Abstract

Intussusception remains a frequent cause of bowel obstruction in children and typically is treated by reduction via enema. Controversy persists regarding the optimal reduction technique to maximize success while minimizing morbidity. We reviewed our institutional data comparing outcomes of enema reduction that use contrast medium versus air. A systematic review also was undertaken of comparative studies evaluating pneumatic (oxygen or air) versus hydrostatic (any contrast medium) reduction. Critical appraisal was performed with the Methodological Index for Non Randomized Studies scale for observational studies, Jadad score for randomized trials. Meta-analysis was performed with REVMAN 5.1. Institutional data revealed a failed reduction rate of 20.4% (20/98) with air and 29.6% (8/27) with contrast reduction. Nineteen studies were included in the systematic review. The cumulative failure rate favored pneumatic reduction (odds ratio [OR] 0.45; 95% confidence interval [95% CI] 0.34-0.60); sensitivity analysis of prospective studies demonstrated similar results (OR 0.39; 95% CI 0.24-0.63).

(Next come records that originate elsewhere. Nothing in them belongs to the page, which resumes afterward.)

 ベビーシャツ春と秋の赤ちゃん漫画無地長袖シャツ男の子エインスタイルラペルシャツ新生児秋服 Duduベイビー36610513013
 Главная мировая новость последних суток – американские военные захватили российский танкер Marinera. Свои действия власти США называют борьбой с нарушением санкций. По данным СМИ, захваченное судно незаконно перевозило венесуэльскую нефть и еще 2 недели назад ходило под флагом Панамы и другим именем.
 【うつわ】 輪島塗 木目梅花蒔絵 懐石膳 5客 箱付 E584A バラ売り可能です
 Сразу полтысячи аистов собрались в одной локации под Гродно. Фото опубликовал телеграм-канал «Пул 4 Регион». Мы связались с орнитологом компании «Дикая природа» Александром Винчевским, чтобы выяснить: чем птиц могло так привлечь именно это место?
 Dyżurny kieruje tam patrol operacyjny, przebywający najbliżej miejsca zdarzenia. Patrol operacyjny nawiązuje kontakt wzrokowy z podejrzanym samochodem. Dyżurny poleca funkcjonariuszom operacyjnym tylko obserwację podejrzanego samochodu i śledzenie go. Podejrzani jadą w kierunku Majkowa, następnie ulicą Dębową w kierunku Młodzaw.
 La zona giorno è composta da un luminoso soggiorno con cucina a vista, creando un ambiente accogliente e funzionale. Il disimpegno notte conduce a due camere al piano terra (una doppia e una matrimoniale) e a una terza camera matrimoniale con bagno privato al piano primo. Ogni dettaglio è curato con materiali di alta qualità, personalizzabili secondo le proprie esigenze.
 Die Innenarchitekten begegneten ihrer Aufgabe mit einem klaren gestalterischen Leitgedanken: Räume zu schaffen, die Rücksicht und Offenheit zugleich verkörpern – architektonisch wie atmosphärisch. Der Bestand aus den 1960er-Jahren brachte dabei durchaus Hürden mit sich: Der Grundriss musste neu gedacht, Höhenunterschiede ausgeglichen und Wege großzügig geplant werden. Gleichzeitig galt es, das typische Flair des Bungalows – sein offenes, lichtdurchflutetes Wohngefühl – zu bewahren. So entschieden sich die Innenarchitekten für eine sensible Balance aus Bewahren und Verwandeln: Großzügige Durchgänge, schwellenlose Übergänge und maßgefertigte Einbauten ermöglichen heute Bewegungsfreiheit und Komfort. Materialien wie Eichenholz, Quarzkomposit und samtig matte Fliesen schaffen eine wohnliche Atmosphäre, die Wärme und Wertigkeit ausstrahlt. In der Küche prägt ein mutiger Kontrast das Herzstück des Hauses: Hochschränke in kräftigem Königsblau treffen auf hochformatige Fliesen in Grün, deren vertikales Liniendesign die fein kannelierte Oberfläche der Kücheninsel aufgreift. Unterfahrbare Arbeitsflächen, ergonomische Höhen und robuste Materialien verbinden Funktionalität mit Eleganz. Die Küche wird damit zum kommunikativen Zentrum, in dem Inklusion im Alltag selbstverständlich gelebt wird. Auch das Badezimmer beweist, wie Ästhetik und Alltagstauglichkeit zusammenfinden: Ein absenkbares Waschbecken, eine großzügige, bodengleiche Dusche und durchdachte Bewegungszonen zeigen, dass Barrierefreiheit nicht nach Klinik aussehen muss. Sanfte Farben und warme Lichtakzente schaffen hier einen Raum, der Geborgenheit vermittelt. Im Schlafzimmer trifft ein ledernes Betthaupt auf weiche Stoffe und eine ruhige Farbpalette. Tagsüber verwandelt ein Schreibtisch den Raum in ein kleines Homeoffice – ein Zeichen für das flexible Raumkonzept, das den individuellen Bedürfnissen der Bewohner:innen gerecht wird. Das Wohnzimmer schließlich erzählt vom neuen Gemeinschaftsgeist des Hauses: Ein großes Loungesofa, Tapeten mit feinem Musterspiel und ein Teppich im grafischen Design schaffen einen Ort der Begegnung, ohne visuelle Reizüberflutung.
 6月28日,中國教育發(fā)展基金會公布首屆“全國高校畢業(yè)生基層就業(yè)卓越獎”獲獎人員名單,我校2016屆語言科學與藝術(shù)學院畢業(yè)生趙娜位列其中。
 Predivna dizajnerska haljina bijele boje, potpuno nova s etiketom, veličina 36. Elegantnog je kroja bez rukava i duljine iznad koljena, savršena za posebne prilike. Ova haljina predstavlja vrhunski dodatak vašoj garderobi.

The number needed to treat to eliminate one failed reduction was nine pneumatic reductions. No difference was noted in reported perforations (OR 0.98; 95% CI 0.48-2.03). Pneumatic reduction is more likely to successfully reduce intussusception in children without evidence of increased morbidity. In the context of available expertise, pneumatic reduction should be the method of choice for the treatment of intussusception barring an indication for immediate operative intervention.